In Applesoft you can prompt for user input in two ways. First there is INPUT A$ which will display a question mark on the screen and await user input followed by a RETURN. That user response then fills the variable A$. Similarly there is GET A$ which also displays a question mark but GET will only accept a single keypress as user input. My main problem with both of these is an aesthetic one: that darn question mark.

The solution is to write your own input routine leveraging machine code routines via PEEKs and POKEs. To do this, first I simulate a cursor by placing a flashing underscore character at the bottom of the screen.

101 VTAB 24 : HTAB 1 : CALL -868 : PRINT ":"; : FLASH : PRINT "_"; : NORMAL : GOSUB 55

A lot is going on in this line.
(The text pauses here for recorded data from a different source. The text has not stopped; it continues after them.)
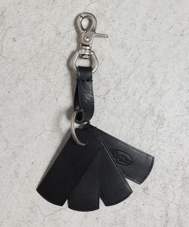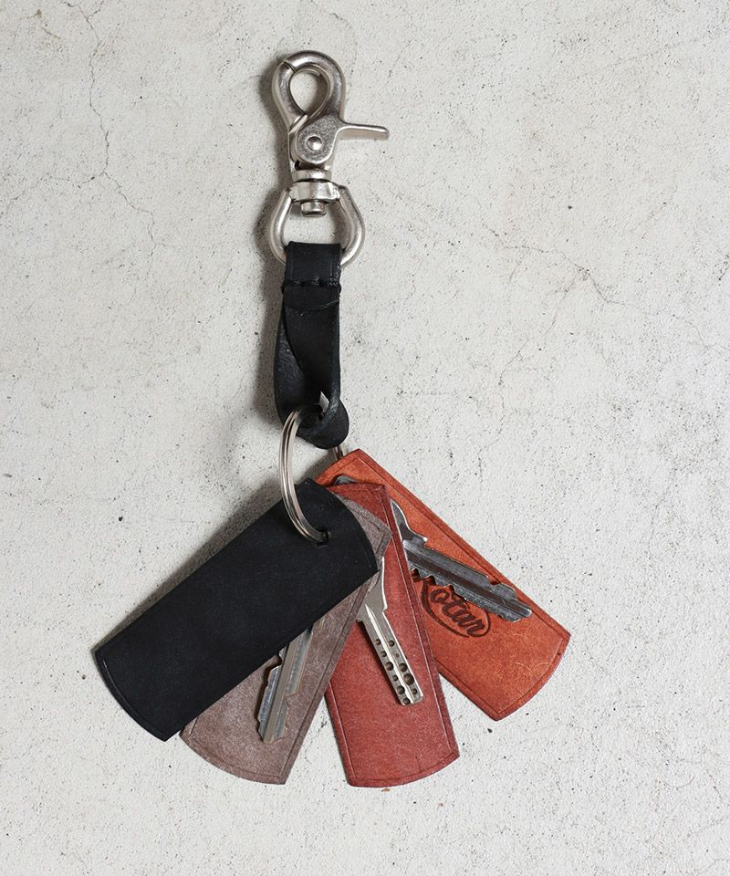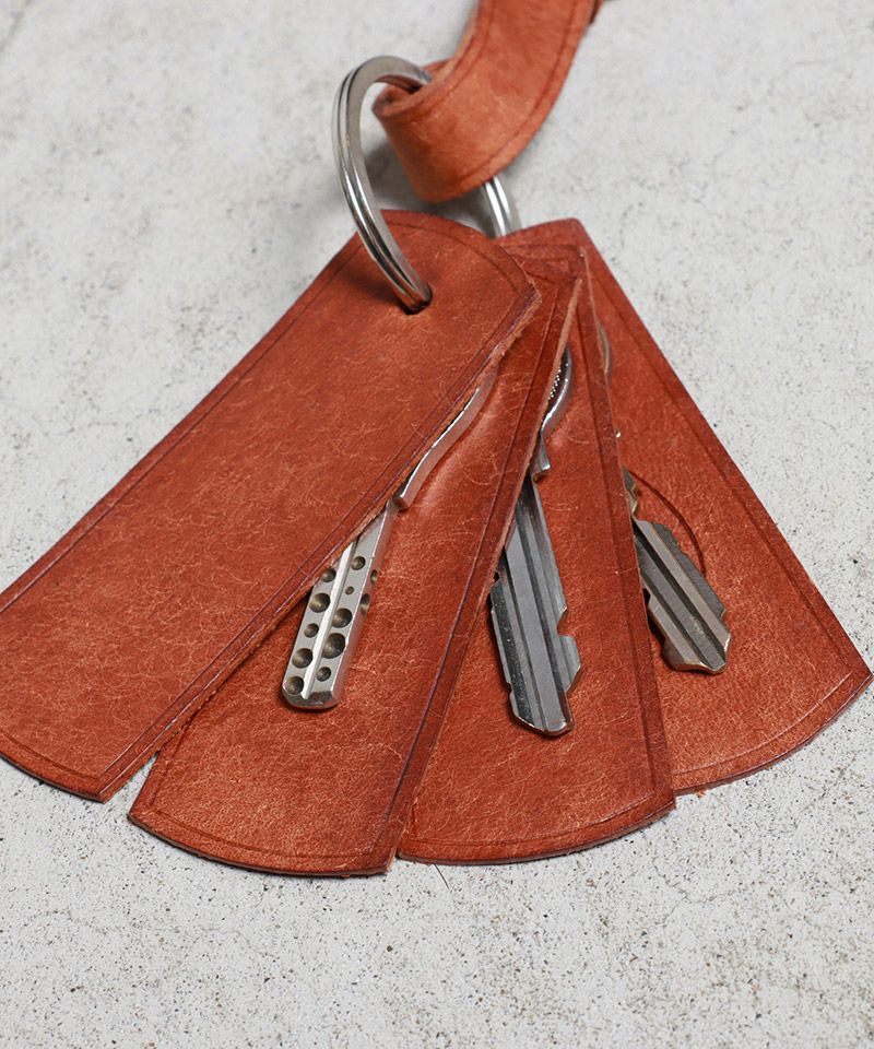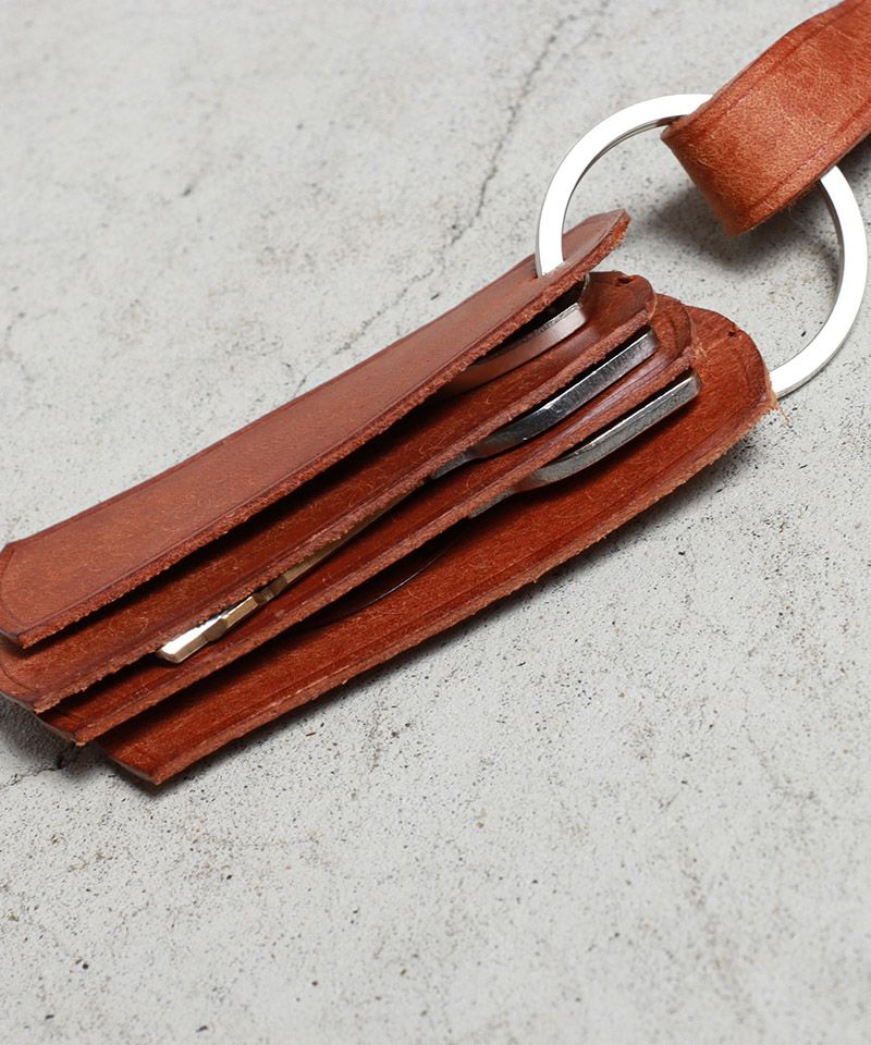 革製のタグが4枚付いており、革の間に鍵を入れることで動いたときに生ずるジャラジャラ音を軽減してくれます。
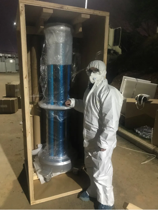 為了能讓這個(gè)“重型武器”盡快發(fā)揮作用,團(tuán)隊(duì)成員穿上兩層防護(hù)服把設(shè)備運(yùn)送到紅區(qū)。沒有猶豫,沒有近距離面對(duì)新冠病毒的恐懼,只有一心保障抗疫前線的責(zé)任和使命感。紫外線機(jī)器人設(shè)備有一人多高,他們小心翼翼地拆卸、組裝、調(diào)試,而身旁經(jīng)過(guò)的就是一批正在轉(zhuǎn)運(yùn)的重癥病人。憑借專業(yè)高效的工作作風(fēng)和不畏艱險(xiǎn)的團(tuán)隊(duì)精神,團(tuán)隊(duì)成員得到了院方的高度贊譽(yù)。
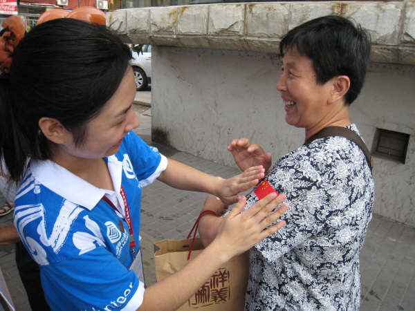 “您好,需要我们为您服务嘛?”在这亲切的问语和灿烂的微笑中,会计学院的城市志愿者们开始了奥运服务的每一天。
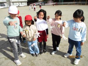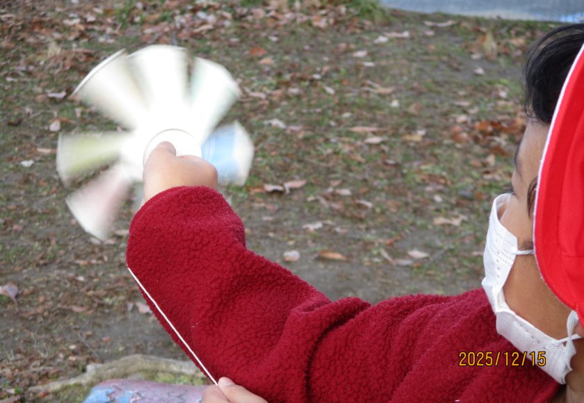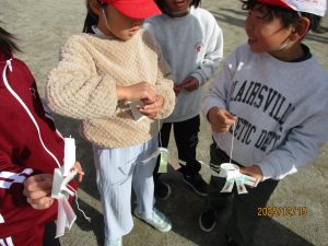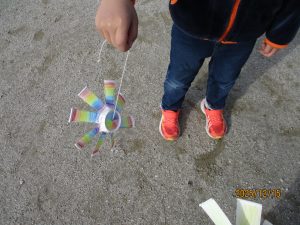 運動場で1年生がたこのようなものをもって走っているなと思い、近づいてみると、それは紙コップで作った風車でした。走ってもうまく回すことはできません。うまく風にのせることが必要です。何度もやりながらうまく回すこつをつかんでいる様子でした。紙コップとたこ糸、とてもシンプルなおもちゃです。クリスマスやお正月に高価なゲームを手にする子もいるでしょう。それが悪いというつもりもありません。けれども家にある単純な材料でおもちゃを手作りし、自分で工夫して遊ぶことも子どもにとって大切な経験のような気がします。
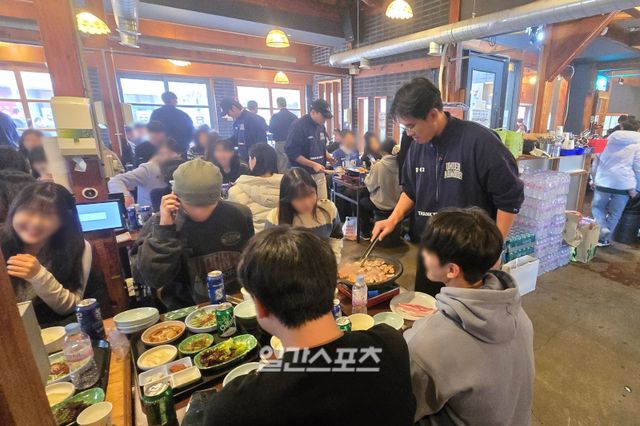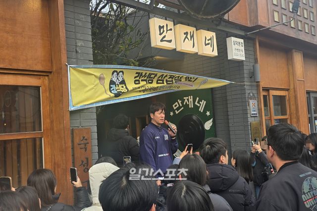 삼성 라이온즈 포수 강민호(39)의 우렁찬 한 마디에 나머지 28명의 선수들이 일사불란하게 움직였다. 입구에서 강민호가 팬들에게 동선을 안내하는 한편, 선수들은 각자 자기가 맡은 테이블에 팬들을 안내해 고기를 구울 준비를 마쳤다. "(이)성규야, 4인 준비!", "(김)윤수야, 방에 몇 명 들어갈 수 있어?" 총 4회차 중 한 회 당 150명이 한꺼번에 들어오는 정신 없는 와중에도 '주인장' 강민호는 정신을 바짝 차리고 선수들을 리드하며 팬들을 안내했다.
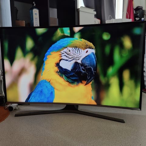 Myynnissä Samsung 55 tuuman UE55AU7172UXXH -televisio. TV on erittäin hyvässä kunnossa ja toimii moitteettomasti. Suojamuovit ovat yhä paikoillaan, eli laite on pysynyt siistinä.
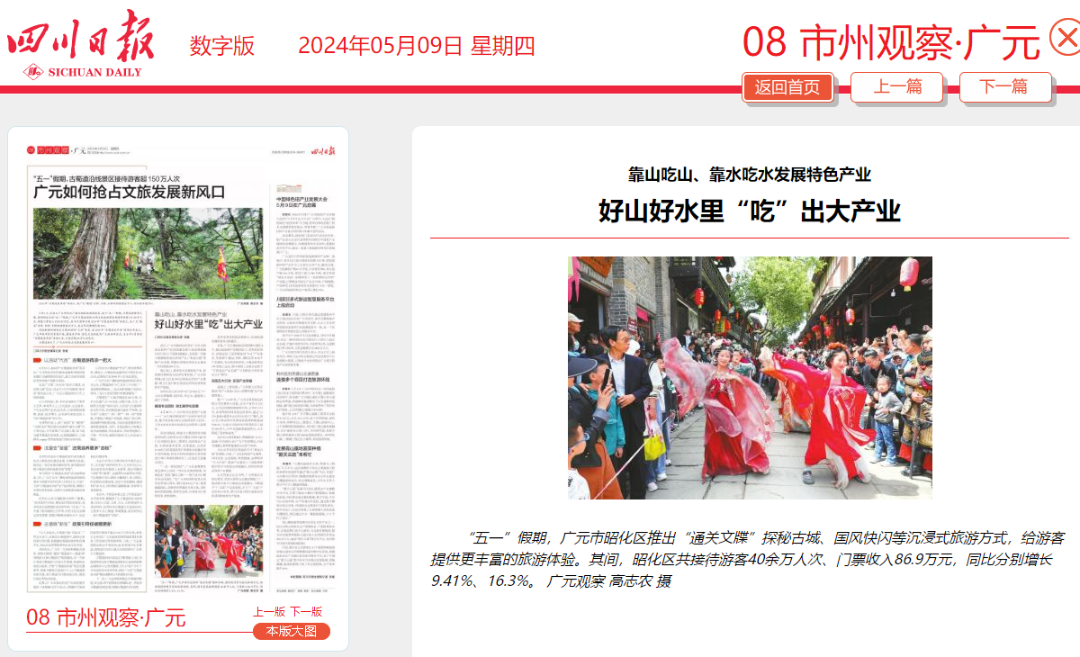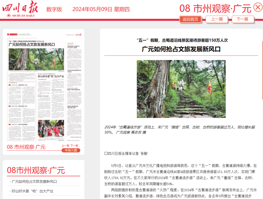 5月9日【四川日报】“五一”假期,古蜀道沿线景区接待游客超150万人次 广元如何抢占文旅发展新风口
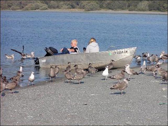 Seven little seagulls all in a row... greedily wait for dinner.
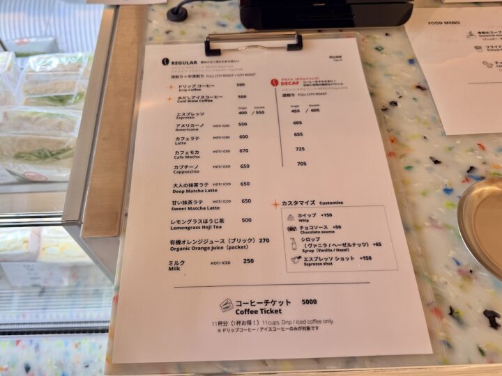 カフェインレス(デカフェ)メニューや、カフェラテ、カフェモカ、大人の抹茶ラテなど、ドリンクメニューも豊富なので、コーヒーが苦手な方やお子様連れでも安心です。
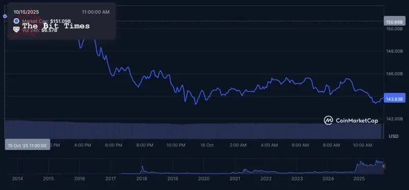 XRP مخطط السعر الأسبوعي. المصدر: FinboldXRP مخطط السعر الأسبوعي. المصدر: Finboldلقد انخفضت القيمة السوقية للأصل الرقمي من $167 مليار إلى $143 مليار في سبعة أيام فقط، مع محو ما يقرب من $8 مليار في الـ 24 ساعة الماضية فقط.
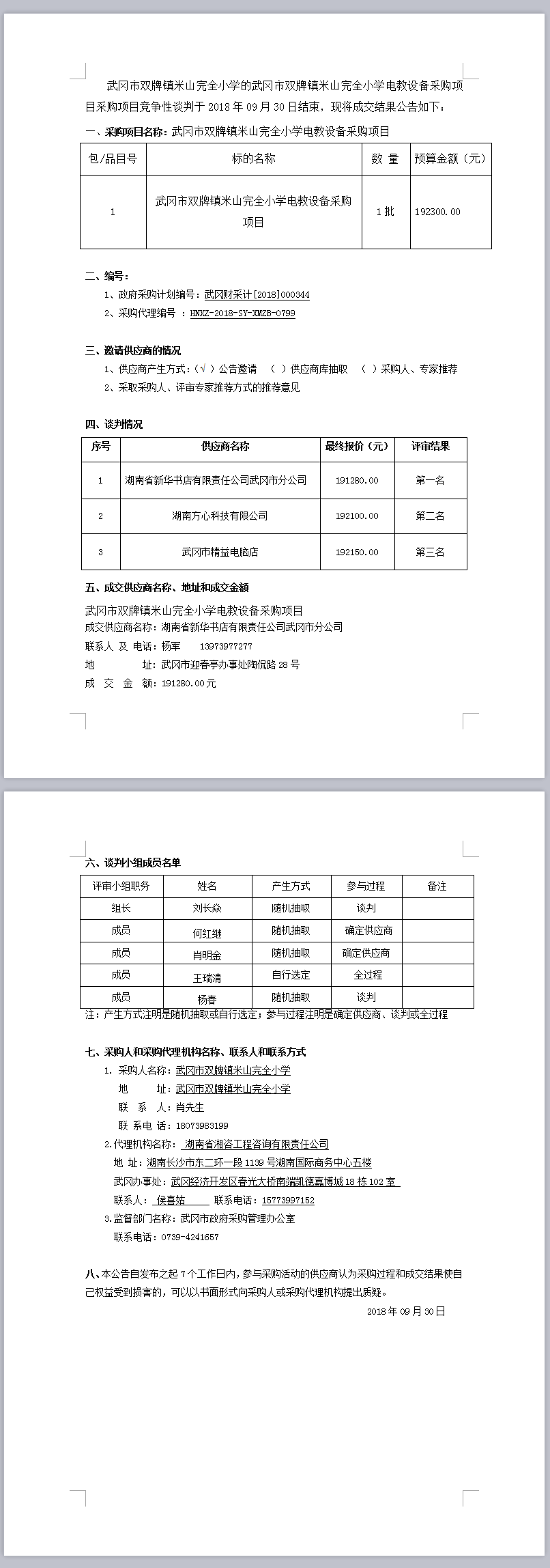 武岡市雙牌鎮(zhèn)米山完全小學電教設備采購項目競爭性談判成交結(jié)果公告
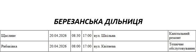 Графік відключення світла по адресах 20 квітня, Березанська дільниця АТ «Миколаївобленерго»
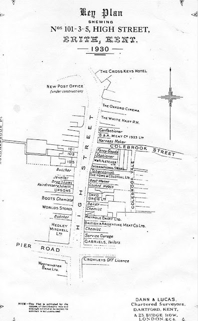 Following my publication of a map of central Erith from back in 1930 last week, regular reader and occasional contributor Bob shared his reminiscences for publication. Bob writes:- "I thought I would give you my memories of the Old Town. I didn’t work there that long but I certainly enjoyed the place. Before I worked there at the Midland Bank, Erith wasn’t the most frequented shopping place as it was two buses from Bedonwell Road, where we lived rather than a single 401 or 486 bus journey to Bexleyheath. I did go to Mitchell’s with my grandmother and was fascinated by the aerial cash system that took your money and you had wait for your change on its return. I have very fond memories of the Old Erith Town. I worked in the High Street from 1961 until 1965 and I am pleased that I never saw it’s destruction starting in 1966. My journey to work was by a 122a bus and would walk down Pier Road and then across to the High Street. I just wish I could remember every shop down Pier Road and in what order. It would be nice if there was similar map available for the 1960’s like the 1930’s one previously posted. I would always walk down the left side passing Owen’s Ironmongers viewing all their wares out on the pavement, the next store was the LEB and then a few newer shops before I would cross over at Cross Street with Blundell’s on the corner with Charles Weedon, the solicitors. Plenty of shops down on the right side. These included Barclays Bank, SEGAS, a men’s clothing shop, Gilbert’s the photographers, Erith Observer, Diploma’s Ice Cream Parlour, Mac Fisheries, V V Carriers bakers, The Market greengrocers, Woolworth’s, Randall’s stationary, Barden’s electrical, a tobacconist and the Westminster Bank on the corner. I think there was a Dewhurst’s before the multiple department shops of Hedley Mitchell’s. Mitchell’s had closed when I started in 1961. Turning right into the High Street was an empty shop in 1961 but became Llewelyn’s, a wood and DIY shop. There was an optician next door and a Fine Fare supermarket with the Panayi brother’s barbers and then Tip Top Bakeries on the corner of Queen Street. Across Queen Street were other shops including a Co-op furniture store and Selfe’s a jewellers. Crossing over the other side of the High Street with the Odeon Cinema on the corner, there was a DER TV rental shop, a launderette, a Men’s clothes shop, then a single property in 1961 of the Midland Bank. This latter became a double property in about 1964. Next door was an off licence that became a carpet shop. Back across the bottom end of Pier Road was Montague Burton with its dance studio behind. Next was Howells and Griffiths a chemist. There was a shop that just sold foam for upholstery. I think the next shop was what we would now call a delicatessen.. It was here that I would buy my freshly made lunchtime sandwiches which were slowly made and precisely wrapped in greaseproof paper. The proprietor was of European origin (German?) and of few words. I cannot remember other shops along here apart from a motor cycle/cycle shop with a red painted front and Derrett & Dormans before the White Hart Pub. Across the road was the Post Office that was my after hours job to post the daily receipts etc. Walking back was the Locomotive Inn, a house with a garden that hadn’t been converted into a shop, Alibars run by Mr Woods a friend of my future wife’s family, Stevens the butchers, Crown wallpapers, Williams grocers, Boots the Chemist. There were many other shops not mentioned and some mentioned might be in the wrong order but it was 55 years ago that to moved away to Lewisham. Two years later I was back working in the area (Atlas) but I couldn’t face seeing the changes in the town. As I said at the beginning I have many fond memories of the Old Town and had some celebrations in The Prince of Wales and the Running Horses after working hours. Summer lunchtimes I would take my sandwich to the Erith Waterfront, study the tides times from the display and watch passing ships. Happy days to be sure."
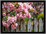 Drzewo owocowe, Gałązki, Różowe, Kwiaty, Listki, Płot
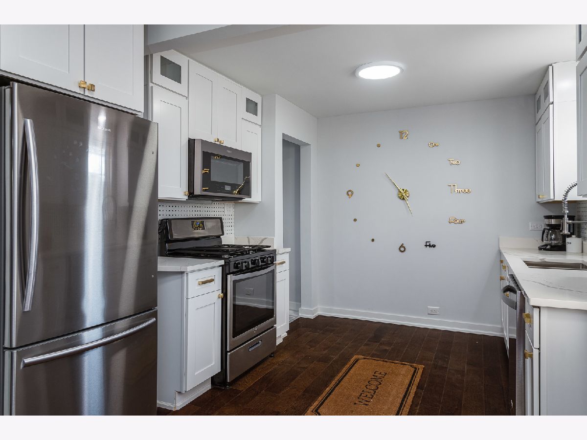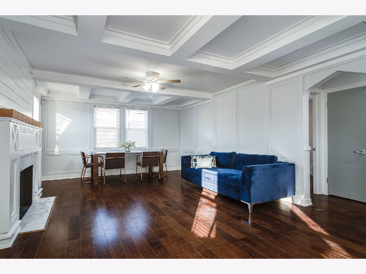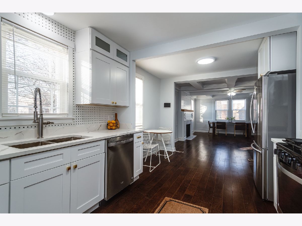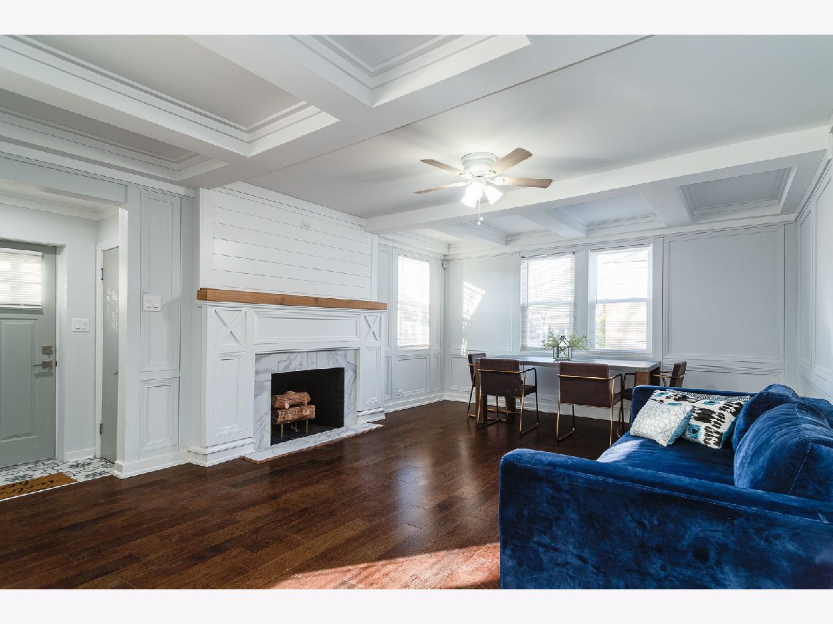 Bright, fresh, rehabbed cottage with tons of character inside and out! Great curb appeal with Hardie lap siding + board & batten detail and new vinyl windows. On trend interior with custom design features throughout. Welcoming living room highlighted by impressive millwork, coffered ceilings, and a wood burning fireplace with custom mantle and surround. All new kitchen features white shaker cabinetry with transoms, quartz countertops, basket weave tile backsplash, modern brass hardware, and stainless Whirlpool appliances. Two main level bedrooms + full bath with tub. Upper level includes master bedroom with private ensuite bath + guest bedroom. Finished lower level features large recreation space, half bath, laundry hookup with cabinetry and sink, and utility room with new water heater. Great outdoor space! Large backyard with detached two-car garage. Easy access to I90/94/57, public transportation and Lake Michigan! Around the corner from Owens Park featuring a field house with gymnasium and fitness center + ball diamonds, a multi-purpose field, tennis courts, an Olympic-themed playground, and picnic groves. Close proximity to restaurants, shopping, conveniences and more!

The VTAB and HTAB commands position the screen cursor at line 24 and character 1. CALL -868 is a special machine code call that clears that single line of text. Now that we have an empty line we type a colon and then a flashing underscore. The result looks like this:

This looks like a user input prompt, but at this point it does nothing. The magic happens at the subroutine which is GOSUB’d at the end of that line.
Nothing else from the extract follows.